At the beginning of many academic texts are introductions, forwards, commentaries. Most people jump past this material to get to Chapter 1. Why?
I used to be surprised by how many student told me that they don’t “waste their time” reading that section. But now I understand how we (teachers) have subconsciously indicated that introductory material is irrelevant. You probably skipped it because no teacher ever told you to read it first. Or you had 48 hours write an essay, and you have no idea who the writer is or why you should care. So now, the tendency is to flash past those pages
But they are there for a reason.
Read the Blurb
In every SAT reading passage there as 2-8 lines of text that are in a different font and provide context for the passage.
Don’t skip it!
Those lines can provide vital information that can set the stage for your understanding of the passage.
One key element is when the passage was written. A fiction passage written in 1910 will have longer sentences and vocabulary used in less familiar ways. Additionally, the customs and behavior of people in the passage may be less familiar. For the History passages, you should not the date because it will give you a clue to what the topic is. Passages written in the late 1700s are primarily about the United States as a new nation and decisions about its governmental structure. Passages from the 1960s are probably related to civil and worker’s rights. Knowing when a passage was written can provide valuable clues to its content.
The introductory material may also tell you the topic the passage will deal with.
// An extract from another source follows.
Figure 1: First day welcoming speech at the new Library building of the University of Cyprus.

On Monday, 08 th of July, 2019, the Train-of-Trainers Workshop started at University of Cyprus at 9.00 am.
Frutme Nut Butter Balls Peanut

Whether the passage is about bees or slavery or a marriage proposal, you will understand it better if you know the topic before you start reading. You can prime your mind for SAT reading by just being aware of the topic to come.
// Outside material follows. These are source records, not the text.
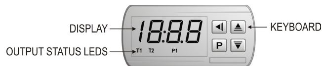
Figure 2 – Front Panel

The signaler P1 at the front panel of the controller will light up when the control output is activated.
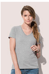
ST2700 Classic-T V-neck
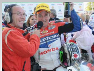
Live commentary will be available
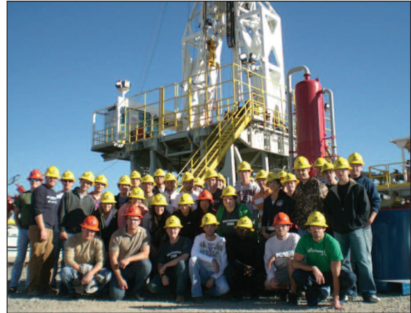
2008 EM student field trip

At the fourth annual meeting of the AAPL in New Orleans in June 1958, the education committee passed a resolution stating: "... be it resolved that the American Association of Petroleum Landmen extends to the University of Oklahoma its hearty congratulations in that this university is the first college or university in the United States to offer a fully accredited course of (landman) training. ... This Association offers to the University of Oklahoma its full cooperation and agrees to assist in any way, where it is possible to do so."

Prime your Mind for SAT Reading
Read the introductory material and pause for a few seconds to allow you brain to consider what information it already has on that topic. This will speed up your reading and improve overall comprehension.
Several studies have been done on the effects of previewing material before reading and its effect on reading comprehension. Overall the understanding is that if you prime your mind , you will improve your overall understanding of the text.
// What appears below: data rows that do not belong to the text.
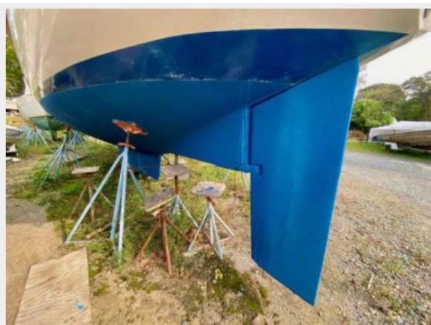
Irwin 46 Center Cockpit Ketch - Rythm - 91
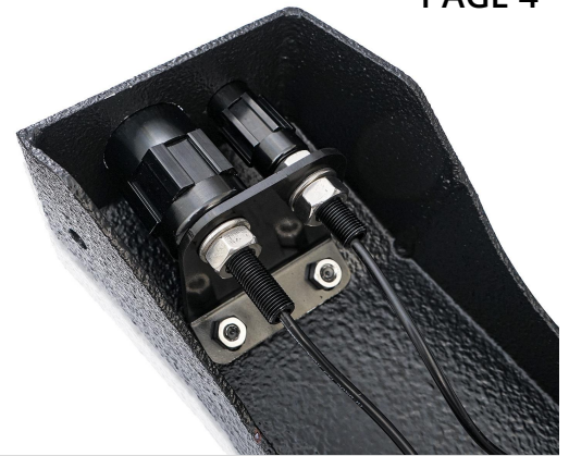
Detail 18: Light assembly installed into fender.
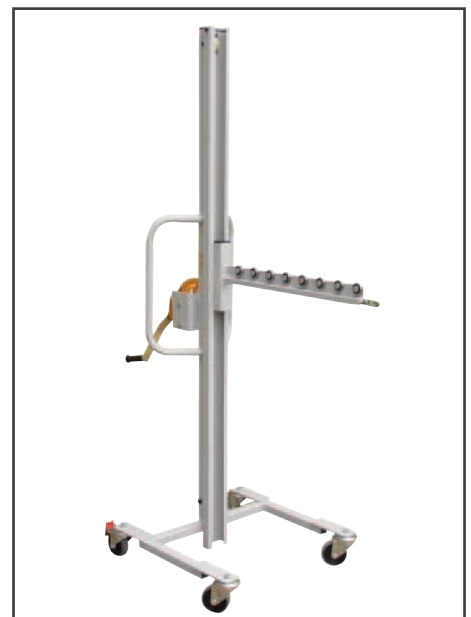
Manual Roll Prong Trolley
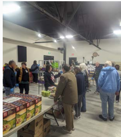
Serving the needs of my community at the food pantry
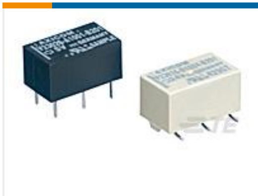
TE Part #2-1393774-0 V23026C1051B201

Sometimes the answer is in the Blurb
Occasionally, they key to the answer to a question is found in that introductory material. The test makers know that students tend to skip over this material, and so sometimes they hide the answer there. Don’t fall for the trap.
Pay attention to everything related to the passages (including the fine print under infographics). The College Board spends money on every word in the test booklet and so if it wasn’t important, it wouldn’t be there.